El aumento constante de las expectativas sociales está empujando a las empresas a poner a sus partes interesadas en primer lugar y a los accionistas en segundo lugar, pero algunos accionistas no lo están aceptando. El apoyo a las estrategias corporativas centradas en las partes interesadas mejoraría mucho si los gerentes reestructuraran su gestión de accionistas, para que esté en línea con sus estrategias de gestión de las partes interesadas. Al hacerlo, disminuiría drásticamente el poder que ejercen los activistas para socavar tales estrategias.

Deje de pescar

El enfoque tradicional de la gestión de accionistas ha implicado preparar una narrativa cuidadosamente escrita sobre la estrategia de una empresa y difundir ampliamente la historia a un grupo diverso de posibles inversores, por lo general a través de declaraciones de misión, informes anuales y giras con inversionistas.

Sin embargo, en la actual era del capitalismo de partes interesadas y el activismo de los inversores, un enfoque centrado en la narrativa es insuficiente para maximizar el apoyo de los accionistas y evitar las debacles de los activistas.

Un grave descuido del enfoque centrado en la narrativa es que hace más para atraer accionistas que se sientan tentados por los rendimientos de las estrategias centradas en “stakeholders”, en lugar de interesarse por la visión comercial a largo plazo. Los gerentes optimistas a menudo presumen en exceso los rendimientos esperados de sus novedosos planes ESG (medio ambiente-sociedad-gobierno corporativo), acercando a cualquier “pez” accionista que se sienta atraído por la promesa de los altos rendimientos de estos planes.

Sin embargo, cuando los gerentes exageran las iniciativas centradas en las partes interesadas, los accionistas atraídos por esos mensajes pueden descontentarse rápidamente en caso de que esas estrategias se queden cortas o no produzcan resultados con la rapidez suficiente.

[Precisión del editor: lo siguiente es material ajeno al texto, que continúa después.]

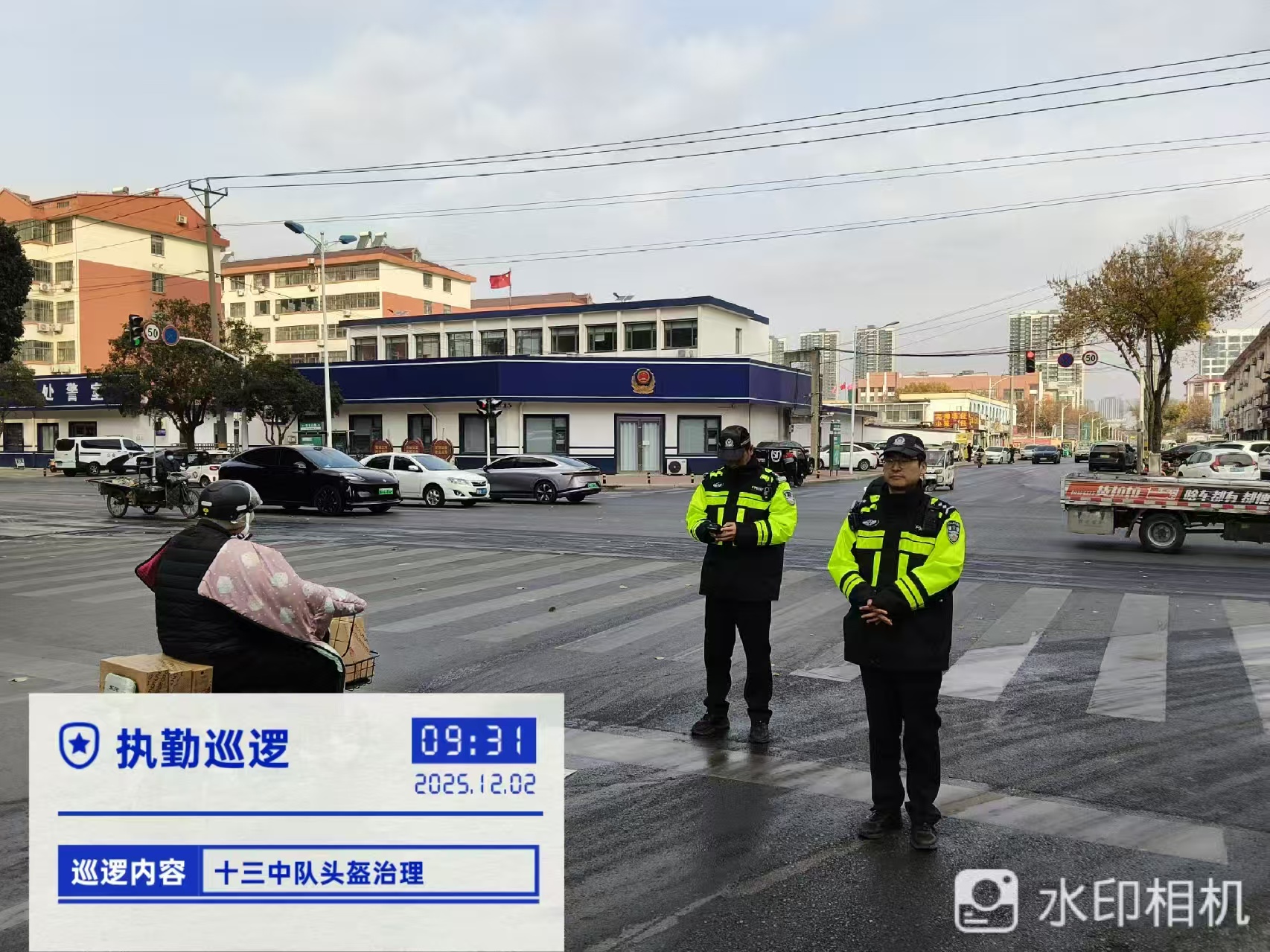 图为六中队沂蒙路与北园路开展头盔治理 汲中强摄

Un enfoque centrado en la narrativa crea un segundo problema importante: Puede ser utilizado por activistas para poner a los indexadores (y otros accionistas “neutrales”) en contra de la gerencia. Con el auge de la inversión pasiva por parte de fondos indexados, muchos accionistas tienen un interés limitado o nulo en comprender a las miles de empresas que tienen en sus carteras y muestran poca lealtad hacia una empresa determinada. Muchos dejan completamente su voto en manos de asesores. En consecuencia, cuando las iniciativas de las partes interesadas se quedan cortas, los activistas pueden usar contra la gerencia aquellas mismas promesas de rendimientos que nunca se materializaron.

A medida que el capitalismo de partes interesadas choca con la primacía de los accionistas, el cultivo de accionistas se convierte en una solución muy necesaria para este problema. El cultivo de accionistas requiere administrar las relaciones con los accionistas de tal manera que atraiga y retenga a los accionistas administradores que proporcionen no solo capital a largo plazo, sino también el asesoramiento y asesoría que son fundamental para el éxito corporativo continuo.

Cultive accionistas administradores

Ofrecemos cuatro conjuntos de herramientas que los gerentes pueden usar para cultivar accionistas administradores.

  1. Herramientas de apalancamiento

Al aprovechar las relaciones existentes, los gerentes pueden involucrar a los accionistas administradores para identificar y atraer administradores adicionales. Los gerentes también pueden nombrar directores independientes que se desempeñen como directores de empresas con participaciones sustanciales de los accionistas administradores y luego utilizar esos cargos de directores para atraer administradores. Además, los gerentes pueden aprovechar las relaciones con los proveedores y clientes de sus empresas para buscar inversiones de los accionistas administradores.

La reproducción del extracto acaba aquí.